Movie Review: I Ought To Be In Pictures (1982)


A comedy-drama stage adaptation, I Ought To Be In Pictures tackles father-daughter issues and comes up empty.

19 year old Libby Tucker (Dinah Manoff) travels from New York to Los Angeles to reconnect with her father Herbert (Walter Matthau), a writer who abandoned the family when Libby was three. Libby dreams of a career in acting and imagines Herbert to be a powerful Hollywood big shot, but instead finds him to be a washed-up gambling addict, unemployed and suffering from writer's block. His girlfriend is movie studio hairdresser Steffy (Ann-Margaret), who tolerates Walter but is growing weary of his lack of ambition.

Libby and Walter immediately clash, as he finds it difficult to connect with his headstrong and talkative daughter and she is unable to forgive his past sins. But gradually they warm up to each other, she moves into his apartment, and they construct a functional relationship. But Libby will not find it easy to carve out a new life.

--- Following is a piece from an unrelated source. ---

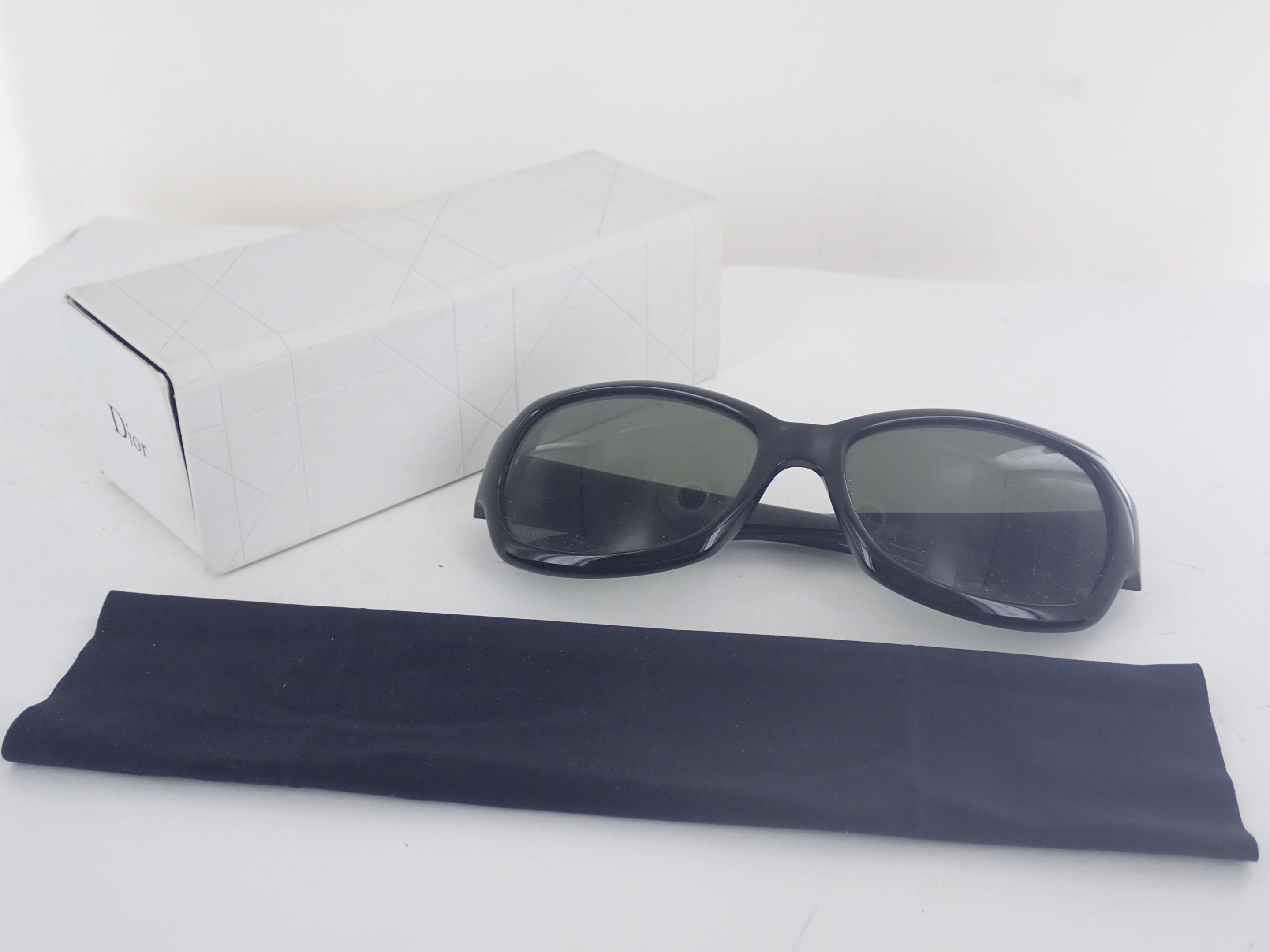 DIOR: pair of black and smoked resin sunglasses, temples sig…

An adaptation of the Neil Simon play directed by Herbert Ross, I Ought To Be In Pictures is smothered by over-embroidered prose dancing between cringe-worthy, needlessly profound and just plain embarrassing. Ross also directed the Broadway show and does not try too hard to transform it into a film experience. As is often the case, what works well on the stage appears ridiculously ceremonial on the screen, and the phrases coming out of the mouth of Libby and Herbert rarely carry a genuine warmth.

The movie is very much a two character study, and scene after scene feature Libby and Herbert carrying on long conversations, typically at his apartment. Ross throws in perfunctory excursions to the baseball park and the racetrack in half-hearted attempts to ventilate the claustrophobic setting. The topics of conversation range from her improbable career aspirations to his unforgivable abandonment of the family, and finally no less than the most awkward father-daughter non-talk about the emotions of sexual experiences. Simon's writing is undoubtedly clever, but when every other line has to be a zinger, the unrealistic quantity competes unfavourably with quality.

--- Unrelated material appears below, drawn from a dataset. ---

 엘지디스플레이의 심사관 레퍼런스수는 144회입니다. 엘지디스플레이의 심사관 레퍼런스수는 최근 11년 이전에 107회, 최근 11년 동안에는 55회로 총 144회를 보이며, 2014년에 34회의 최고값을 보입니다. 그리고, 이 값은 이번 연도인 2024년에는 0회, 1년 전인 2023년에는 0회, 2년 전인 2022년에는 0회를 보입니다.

Dinah Manoff was the one stage performer allowed to recreate her character for the film, and she receives no help from Ross in modulating. The character of Libby is borderline irritating at the best of times as the talk-non-stop Quixotic daughter on a quest to conquer her father and the acting world, and Manoff's shout-it-to-the-rafters delivery does not help. Matthau is much better, and carries the film as the stooped writer long past caring in a town run by younger men. Ann-Margret is fine in a supporting role, although she is never able to properly explain why the seemingly smart Steffy is hanging out with an indebted has-been like Herbert.

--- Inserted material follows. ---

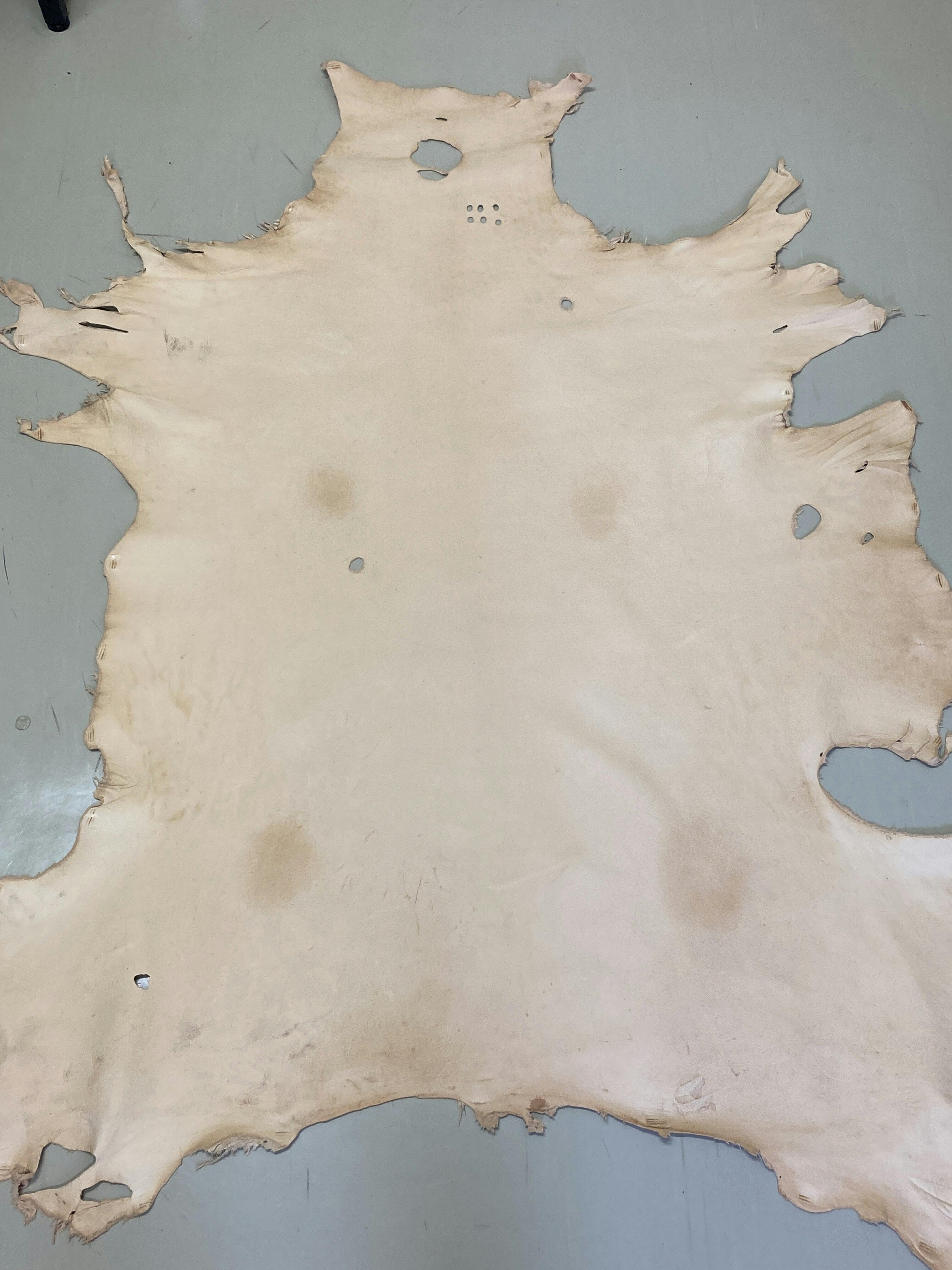 色はネイビー、キャメル、ナチュラルの3色展開。特にナチュラルは染色を施さず、鹿革そのものの自然な表情を残しました。ひとつとして同じものはなく、まさに世界に一つだけの逸品です。

Despite the many weaknesses the film does find a few highlights, and most of these arrive in the final act. Once father and daughter make the adjustments to accommodate each other, Ross finally finds a few poignant scenes. The shouting and recriminations are replaced by hushed, tender, and cinematic conversations, and finally emotions seep through. It's all too little and too late, the film having been well and truly pulverized by all the theatrical antics.

Despite the title, I Ought To Be In Pictures ought to stay on the stage.